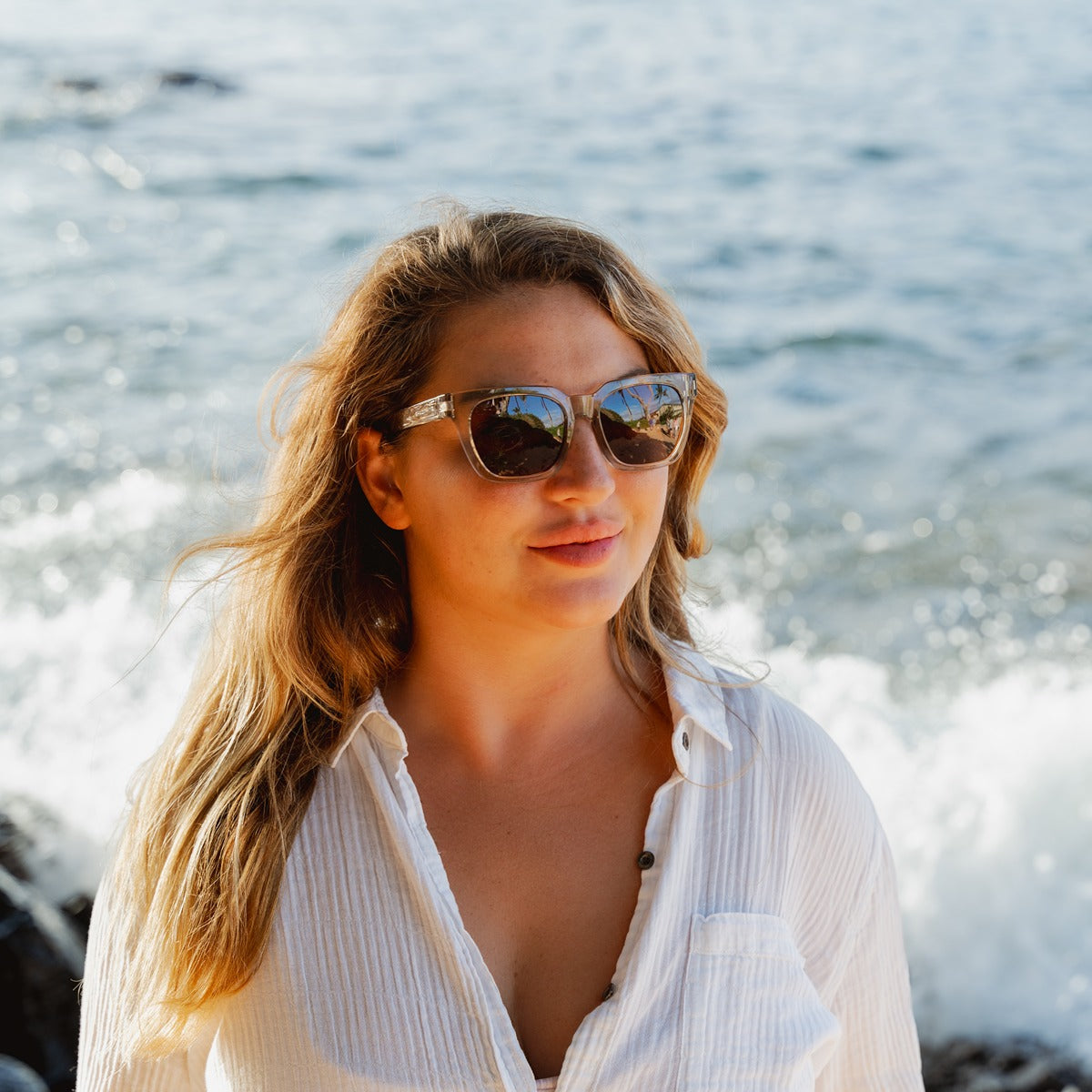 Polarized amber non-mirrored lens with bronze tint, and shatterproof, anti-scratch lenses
---
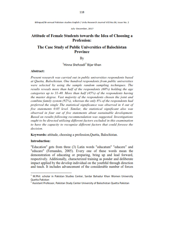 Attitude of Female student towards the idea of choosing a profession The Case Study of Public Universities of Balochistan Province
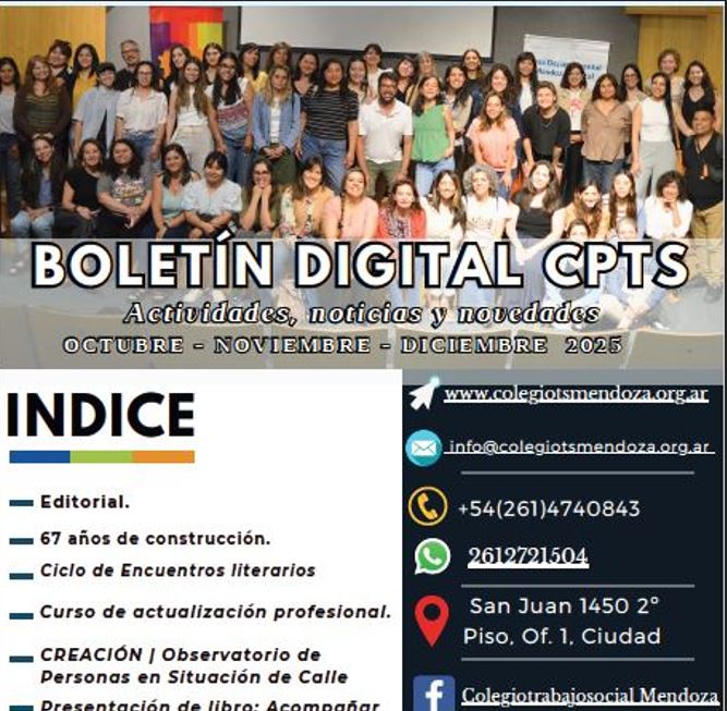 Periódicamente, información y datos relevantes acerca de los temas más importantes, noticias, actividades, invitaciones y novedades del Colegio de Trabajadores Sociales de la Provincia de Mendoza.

WORK ORDER:
Return exactly the part of the listing above that opens with the line containing "Attitude of Female" and closes with the line containing "Periódicamente, información y". Pictures stay out.

TASK RESULT:
 Attitude of Female student towards the idea of choosing a profession The Case Study of Public Universities of Balochistan Province
 Periódicamente, información y datos relevantes acerca de los temas más importantes, noticias, actividades, invitaciones y novedades del Colegio de Trabajadores Sociales de la Provincia de Mendoza.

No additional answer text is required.